Summary:  Where a dismissed employee brings an internal appeal, which results in their re-instatement, should they be treated as if the employment relationship had remained in existence throughout the appeal process?

Yes, says the EAT in Phoenix Academy Trust v Kilroy, available here, even if the employee made it clear when appealing that they have no intention of returning to their job whatever the outcome of the appeal.  This is a confirmation by the EAT of well established law.

Facts:  The employee, Mr Kilroy, was summarily dismissed by Phoenix Academy Trust, the employer, just before it received his resignation letter alleging constructive dismissal.  Mr Kilroy appealed against the decision, but his solicitors also wrote to the employer stating that, whatever the outcome, he wouldn’t be returning to work.  After that letter, but before the internal appeal was heard, the employee submitted a Tribunal claim for unfair dismissal.

When the internal appeal was eventually held, the employer reinstated him subject to a final written warning, requiring his return to work. The employee refused, instead continuing with his constructive unfair dismissal claim.

Tribunal decision

The Tribunal held that the employee had not affirmed his contract by invoking the appeal and that he had been unfairly (constructively) dismissed. This was, in particular, because the employee had made it clear to his employer on a number of occasions that he did not intend to return to his employment irrespective of the outcome of his appeal.

The employer appealed.

EAT decision

The EAT upheld the employer’s appeal and found that by invoking the appeal process, the employee treated the contractual relationship as continuing to exist.

The EAT also confirmed that where an employee’s internal appeal overturns their dismissal, then in law it will be as if no dismissal had ever occurred: even if the employee made it explicitly clear when submitting the appeal that they have no intention of returning to their job regardless of the outcome.

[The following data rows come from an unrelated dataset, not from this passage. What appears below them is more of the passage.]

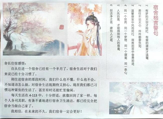 宿舍生活中,宝贵的是在共同生活的空间中一起创造的灿如繁星的记忆。舍友同伴间,不仅仅是一声简单的称呼,更是不同灵魂的碰撞。宿舍生活的每一帧,舍友相处的每一瞬都是动听的故事。本次宿舍文化创建活动的第三项内容以“秀宿舍风采,展个性魅力”为主题,要求各宿舍成员一起制作彰显宿舍风采的宣传海报,并且此项活动将伴随着学生的宿舍生活持续进行,由各班级或各宿舍自行不定期替换展示。在活动过程中,各宿舍充分发挥各自所长,展示出一幅幅精彩的画作,这些活灵活现的作品承载着室友间的脉脉温情。
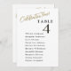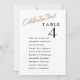 Celebration Time! in stylish script to assist your guests find their table with these elegant modern seating plan cards with guests names. Double sided cards so guests can look from both, front or back for their names. White background and black text, and table number with a drop shadow for effect. Several colour options. Have all table numbers in same colour or mix colours according to your event's colour theme. The card prints on the front and back (double-sided). If you have any design questions, just send a chat and we'll be delighted to assist.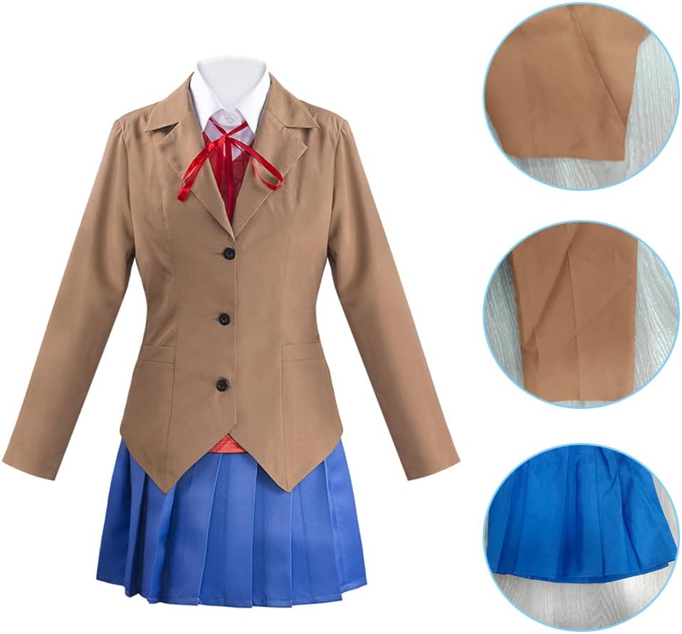 Home - Halloween Costumes - Juejuezi Doki Doki Monika Outfit Yuri Uniform Dress Review halloween cosplay outfits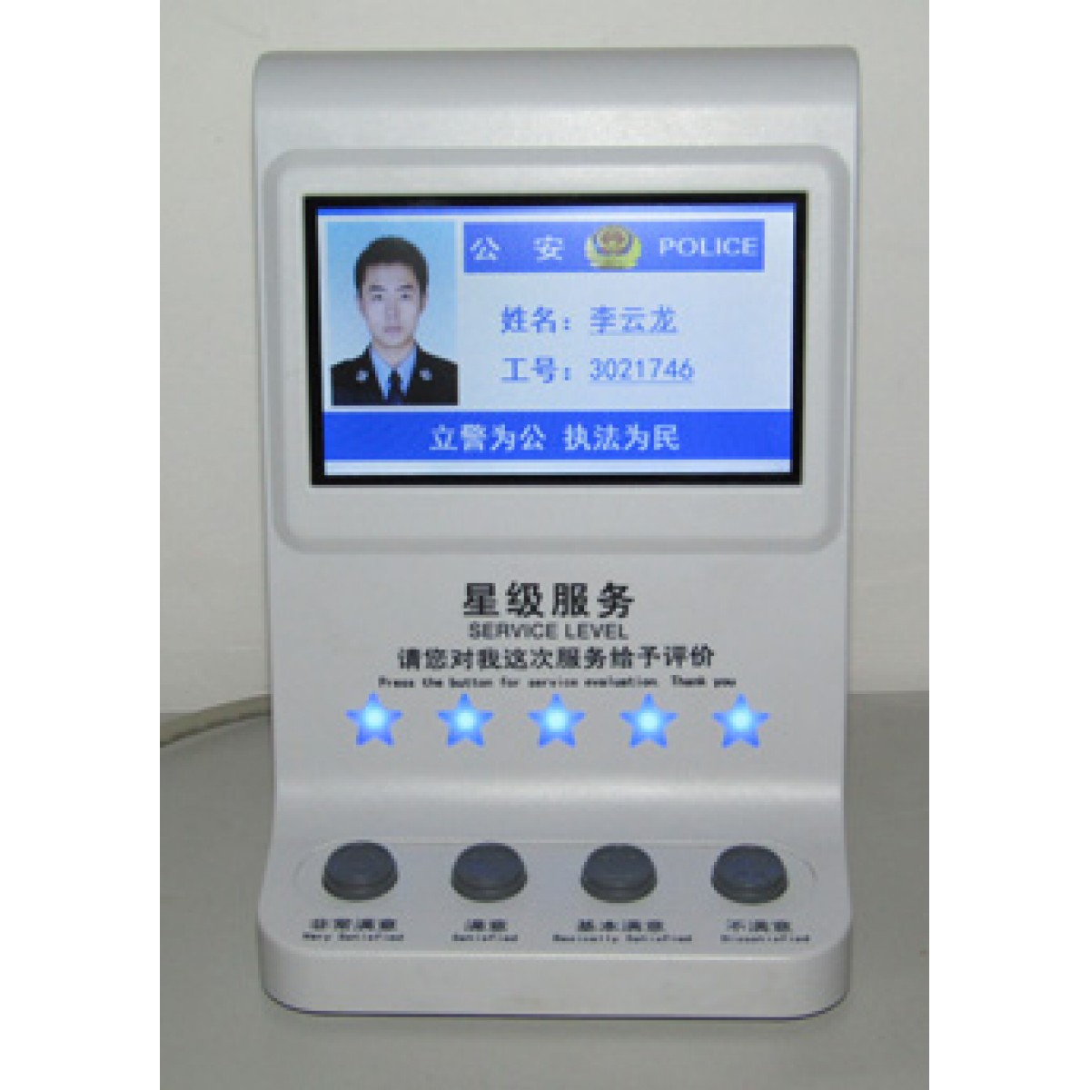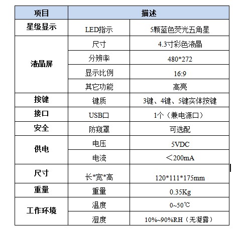 • 五颗服务星级评价灯,显示服务星级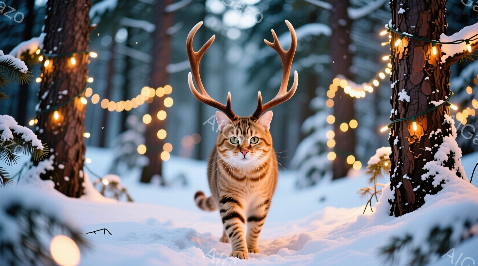 鮮やかなオレンジ色の猫が、丸太造りの家のポーチに座って正面を見つめています。家の周りにはクリスマスイルミネーションが飾り付けられ、クリスマスのリースが飾られています。暖かく穏やかな雰囲気で、冬のクリスマスの装飾が印象的です。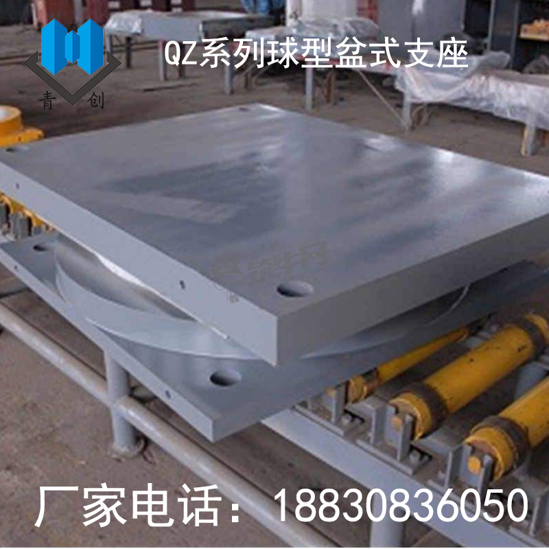 QZ橡膠支座主要由上支座板、下支座板、球形板、聚四氟乙烯滑板(即平面四氟板、球面四氟板)及橡膠擋圈組成一種盆式橡膠支座產(chǎn)品。它只是將盆式支座中的橡膠板改為球面四氟板;中間鋼板及底盆亦相應地改成球面,減小了摩擦系數(shù)。其位移由上支座板與平面四氟板之間的滑動來實現(xiàn)。在上支座板上設置導向槽或?qū)颦h(huán)來約束支座的單向或多向位移,可以制成球形單向活動支座和固定支座。通過球形板和球面四氟板之間的滑動來滿足支座轉(zhuǎn)角的需要。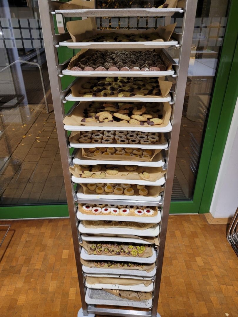 Am Freitagnachmittag durchzog die Mensa ein wohliger Weihnachtsduft nach Mandeln, Vanille und Schokolade. Zahlreiche Schülerinnen und Schüler buken mehrere Sorten Plätzchen für einen guten Zweck. Nachdem jedes Kind sich mit Plätzchen für zuhause eingedeckt hatte, wurden die anderen Gutsle schön verpackt auf dem Notzinger Weihnachtsmarkt verkauft, wo der Erlös der Plätzchen von 200€ dem Stuttgarter Verein KinderBerg International zugutekommt, der sich seit über 20 Jahren um notleidende Kinder und Frauen in einer abgelegenen Region Afghanistans kümmert.

However, if breaches of the implied term of trust and confidence continue through the employer’s conduct of the appeal process, then the employee may be able to rely on the totality of the employer’s acts forming part of a series amounting to a fundamental breach of trust and confidence.

In light of the above, the case was sent back to the Tribunal for consideration of the employee’s complaints about the employer’s conduct during the internal appeal procedure.

Implications:  The essence of the decision (namely that a successful appeal cancels a  dismissal) was already well established in law but it is useful to have the EAT re-visit it for this review, especially when it involves the additional complicating factor of a constructive dismissal claim, where the Claimant actually wanted to argue the opposite.   The EAT confirmed that when an employee appeals against their dismissal, it is implicit that they are asking their employer to find that the dismissal decision was wrong and to return them to their pre-dismissal position.  The legal effect of a successful appeal against dismissal is that the earlier dismissal simply vanishes. The employer must treat the previous dismissal as having no effect and the employee is bound in the same way.  Accordingly, an unfair dismissal claim cannot succeed since there will not have been a dismissal. This will be the case regardless of whether the dismissal stood at the time that a claim was lodged at the Tribunal.

However, an employer does not have a clean slate when an employee has affirmed the employment contract by invoking an internal appeal. The employer remains at risk that a further act (or omission) by them may enable the employee to resign and claim constructive dismissal based on a cumulative repudiatory breach of trust and confidence.